(Kitco News) Inflation in a recessionary environment is an entirely different beast to deal with all assets, and Bitcoin is no exception, according to Coinbase Head of Institutional Research David Duong.
The cryptocurrency market has seen a strong sell-off this week, with Bitcoin down 32% in the last seven days and trading at $20,464. And Ethereum, the world’s second-largest cryptocurrency, is down nearly 40% on the week and last traded at $1,083.
The initial trigger behind the last massive cryptocurrency crash was the macro environment. First, a surprising high inflation figure for May caught markets off guard, and then a 75 basis point hike from the Federal Reserve on Wednesday, which marked the biggest rate hike since 1994.
For a glimpse of what’s to come at the Fed’s July meeting, click here.
The dramatic shift in cryptocurrencies also gained traction after risks of contagion from the cryptocurrency community itself after a lending company Celsius said it was halting all transactions on its platform. To learn more about this, click here.
Inflation is a tricky measure, and its impact on the crypto space will depend on what business cycle the financial space will be in at the end of the year, Duong told Kitco News on the sidelines of the Consensus 2022 conference held in Austin between June 9 and 12.

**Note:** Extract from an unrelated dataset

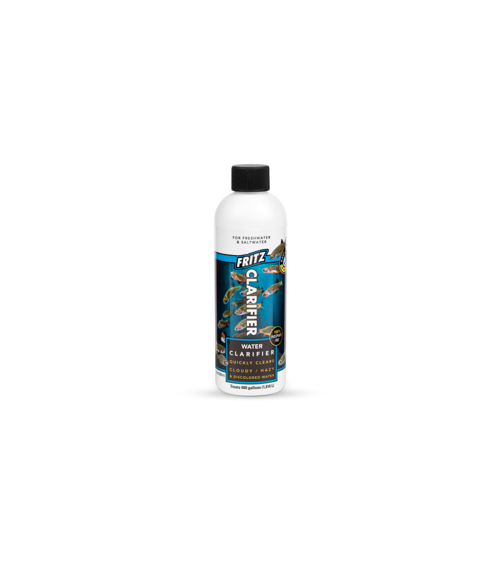 Cuando el agua esta turbia o blanquecina, es debido a una sobrealimentación, bloom bacteriano u otras causas que generan “polvo” y otras partículas en suspensión y que son tan finas que los filtros mecánicos no pueden eliminarlas. Nuestro clarificador las hará rápidamente flocular en partículas mayores que serán rápidamente eliminadas por el filtro y de esta manera tendremos un agua cristalina y transparente. No afecta a la bio-filtración, pH, ni a otros parámetros importantes del agua. Es totalmente seguro para ser usado en acuarios de agua dulce, salada, acuarios de arrecife, estanques. 100% libre de Fosfatos. No contribuirá a futuros problemas de aguas opacas.
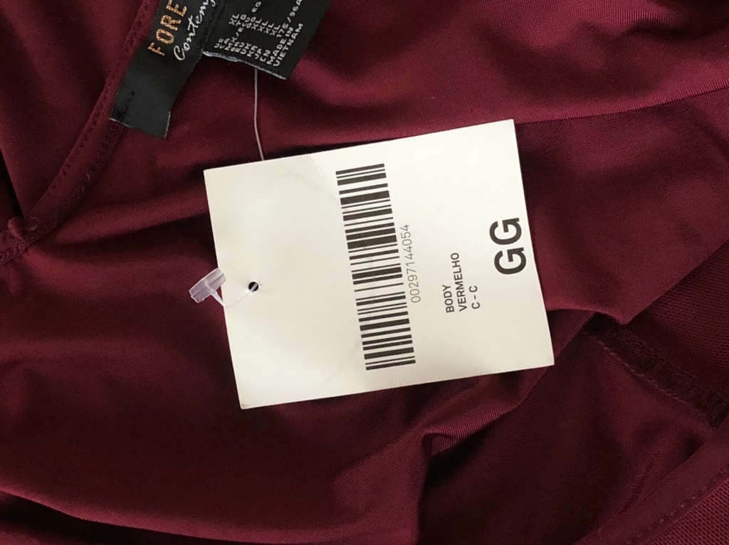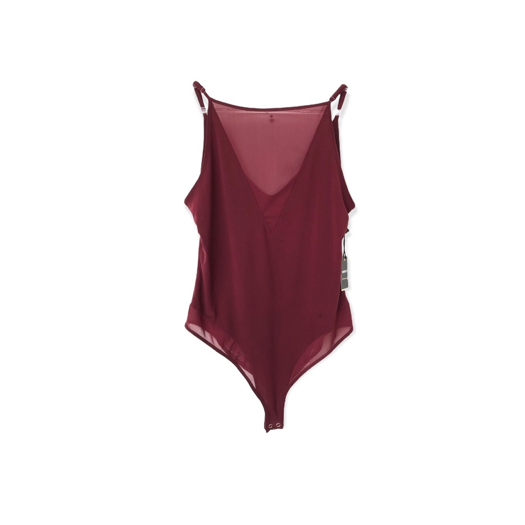 Body em tecido liso na cor vinho escuro; tem detalhes em tecido transparente no colo e nas laterais do quadril

“Inflation works very differently in a bullish cycle than in a bearish cycle. Inflation rising in a positive growth environment is not a bad thing because the economy is growing at the same time. The problem we have now is that inflation is rising in a potential recessionary scenario. That’s what makes things really complicated”, he explained.
Nothing can perform well in a recession, and Bitcoin will not be an exception to equities, Duong added.
“I don’t know if Bitcoin can work under this bearish environment. Jamie Dimon of JPMorgan recently referred to the current economic cycle as a hurricane blowing. If there’s a hurricane and my car is broken, and my house has broken windows, I don’t say to myself, ‘It’s a correlation between that broken car and the broken house.’ I say, ‘There’s a hurricane.’ That’s what people are missing when it comes to this kind of situation,” he said.
The correlation between equities, risky assets and Bitcoin seems very high at the moment. “I don’t think anything comes out of this unscathed. And unfortunately, Bitcoin is no exception to that rule,” noted Duong.
In terms of finding the bottom and whether $20,000 could be that level for Bitcoin, Duong pointed out that it is challenging to distinguish how much of this downtrend is macro-specific drivers versus some internal, idiosyncratic stuff relevant only to crypto.
“Trying to separate that is the hardest problem when trying to figure out what the bottom is, because they’re moving together,” he explained. “For people who are telling me it’s $20,000, it’s hard to be right because it’s hard to know how much these factors contribute to the performance of an asset like this.”
Some of the internal factors that affect Bitcoin’s bull cycles are elements like the hash rate and the halving, which is a 50% reduction in the Bitcoin mining reward that is scheduled to slow the pace of supply expansion every four months. years old. “That matters for the supply and how it affects the price of it,” Duong said.
Positive headlines to watch that are specific to cryptocurrencies and Bitcoin include innovations and new technologies – layer 2s. Also, the regulatory space – will be this oversight where “we can hang our hats,” Duong said.
“Headlines are important. They are key to this space. This is a long-lived speculative asset at the end of the day. That means that probably in the long run, if secular technology is to be believed, it has a good chance of increasing in value.” “, described.
These developments will be essential in the second half of the year, especially with the sweeping Lummis-Gillibrand cryptocurrency law, Biden’s executive order and all related digital statements reports due out in September and October, Duong pointed out. “Once we get that, maybe we can start talking about the Bitcoin spot ETF.”
Furthermore, the activity of Bitcoin miners is critical to keep an eye on this downtrend because they are important Bitcoin HODLers, who face rising electricity costs.
“As they are settling in the US, they should expect higher energy costs. How are they dealing with this? Are they being forced to sell reserves? All these are important issues to look at because they are technical factors that affect things side of the stream,” elaborated Duong.
In addition, funding is critical, especially in relation to the supply available when people are being called on margin. “Are there liquidations of funds that contribute to this? And is there enough supply to fulfill those requirements?” he asked.